After a one-month decline in July, average prices of Canada's 32 major export commodities rose 3.5% in August, according to Scotiabank's commodity price index released Tuesday.
The index climbed 6.7% above the cyclical low in April and rallied relatively quickly compared with previous downturns due to an unusually rapid recovery in industrial metal prices.
Patricia Mohr, vice-president of economics and commodity market specialist at Scotiabank said, "Base metal prices have already returned to profitable mid-cycle levels, a development normally taking several years following the end of a global downturn and a testimony to the resiliency and growing importance of China."
China's imports of copper, zinc and nickel were at record levels through the first half of 2009 in the midst of a deep global recession, the report said.
Scotiabank's metals and minerals index led August's commodity price gains, surging 8.1% with widespread gains in base and precious metals and steel alloy prices. Increases in these commodities offset declines in potash, sulphur and uranium.

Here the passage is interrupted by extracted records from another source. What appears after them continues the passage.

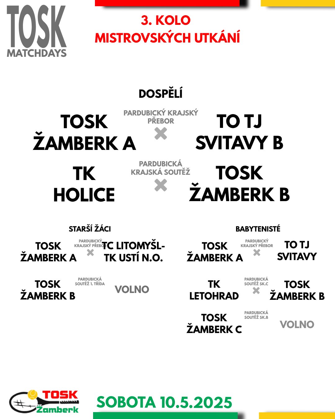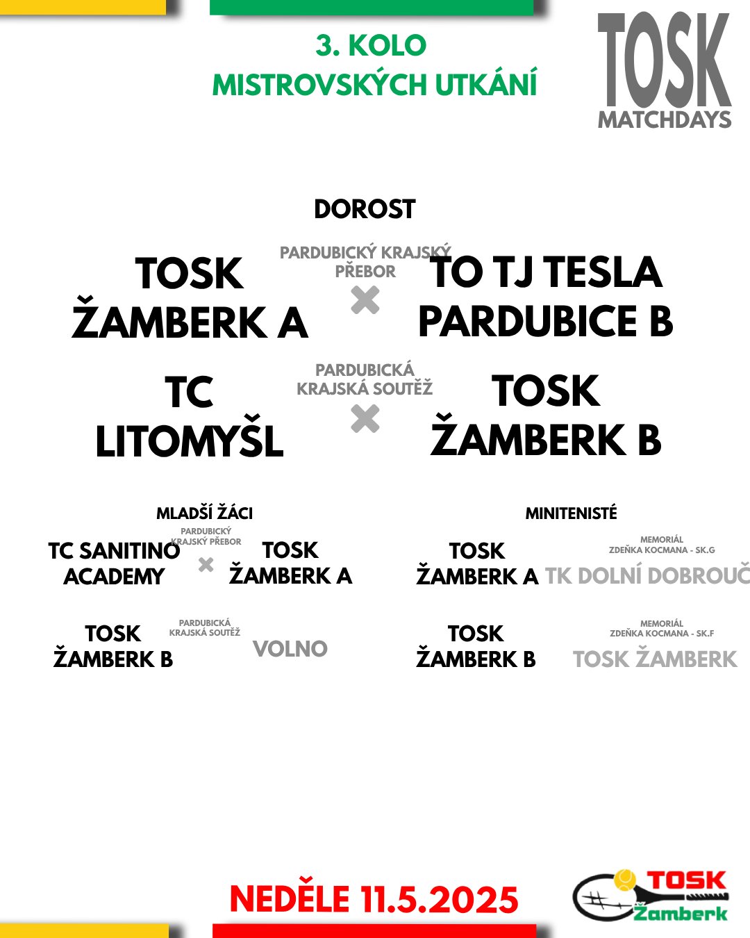 Neděle: Dorost A čeká třetí střet s Pardubicemi, tentokrát Tesla B Mladší žáci A vyráží do Litomyšle na duel proti SANITINO Academy Minitenisté budou chtít navázat na vítězství ve skupině
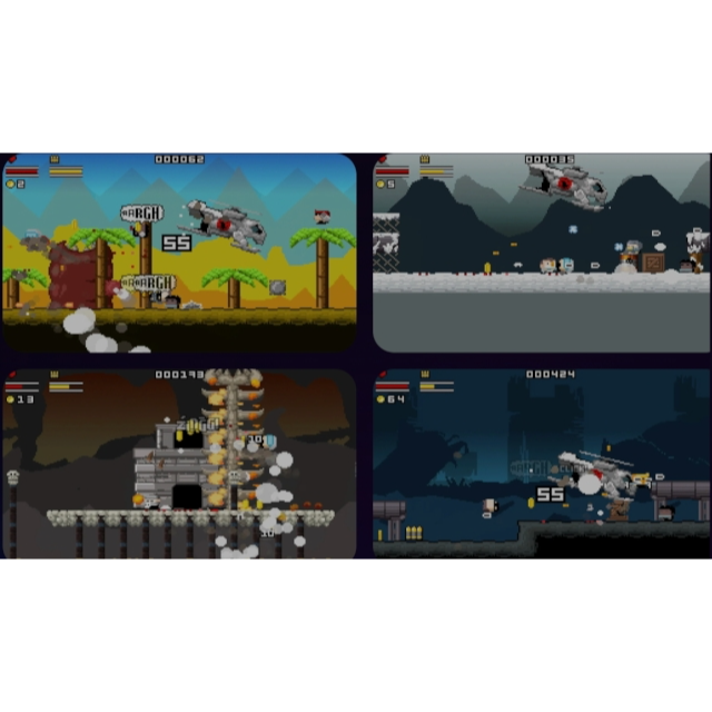 The world is on the brink of chaos, and only the Gunslugs stand between order and total destruction! The evil Black Duck Army has unleashed its forces, armed with high-tech weaponry and a legion of relentless foot soldiers. Your mission? Blast, jump, and survive through a non-stop barrage of mayhem, traversing plane yards, jungles, frozen wastelands, ancient tombs, and even the fiery depths of Hell itself.
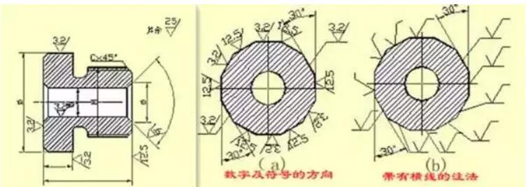 2)表面粗糙度代號中數(shù)字及符號的方向必須按規(guī)定標注。

Copper prices have more than doubled from a low of US$1.26 per pound on December 24, 2008 to a peak of US$2.94 per pound on August 28. Mohr said copper will continue to outperform other base metals given under investment in new capacity during the last cyclical peak between 2007 and 2008.

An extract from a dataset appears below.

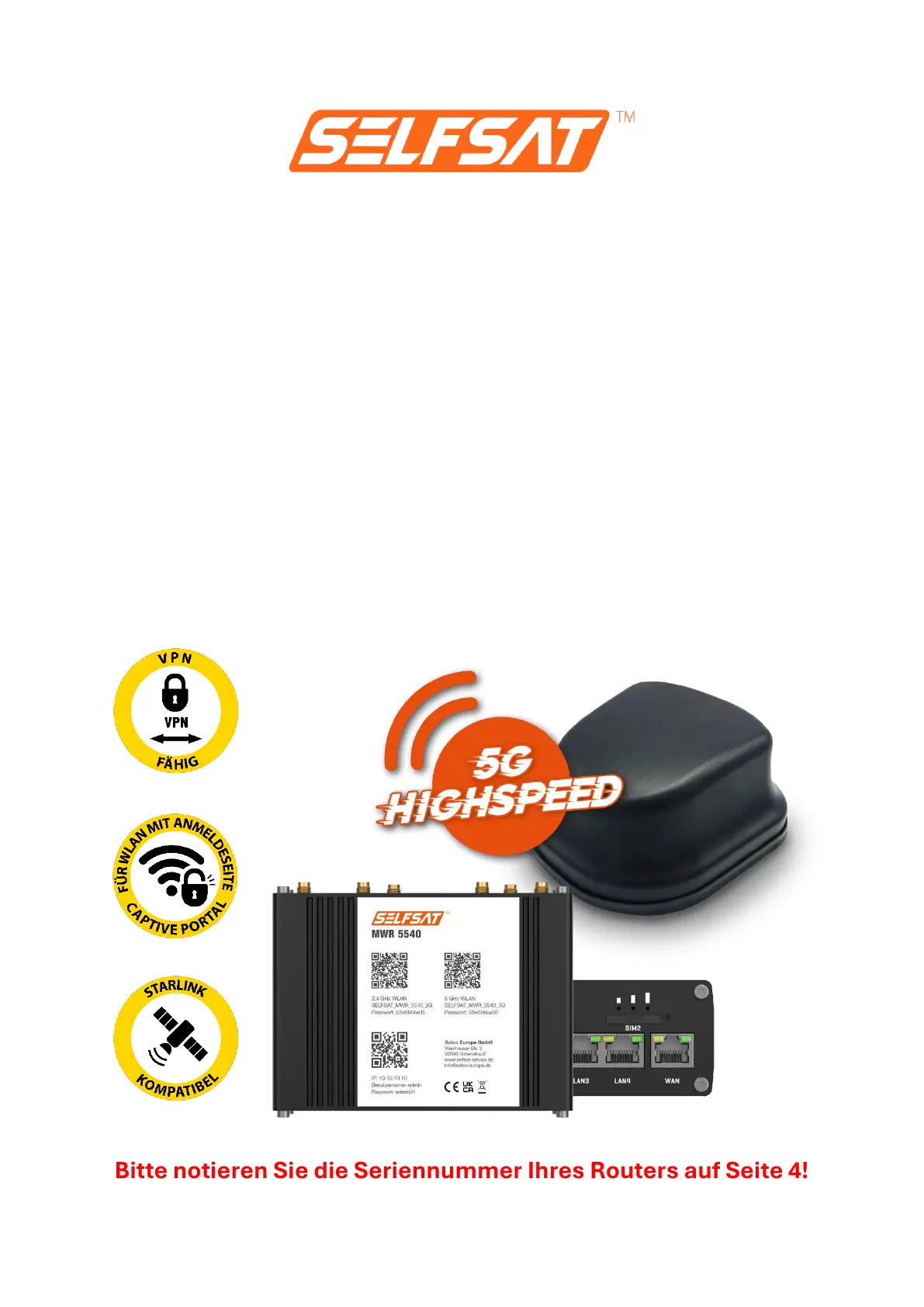 Bitte notieren Sie die Seriennummer Ihres Routers auf Seite 4!

Scotiabank's forest product index rose 2.4% in August as a late-summer pick up in U.S. building material prices and stronger pulp prices offset further weakness in newsprint and super-calendered paper. A weak U.S. dollar, especially against the Euro, and strong demand in China is lifting international pulp prices with NBSK pulp delivered to the U.S. rising from US$700 per tonne in July to US$730 per tonne in August.
Prices have since risen to US$770 per tonne in September, the highest price since November 2008. With higher prices, pulp production is restarting at mills on Vancouver Island, the report noted.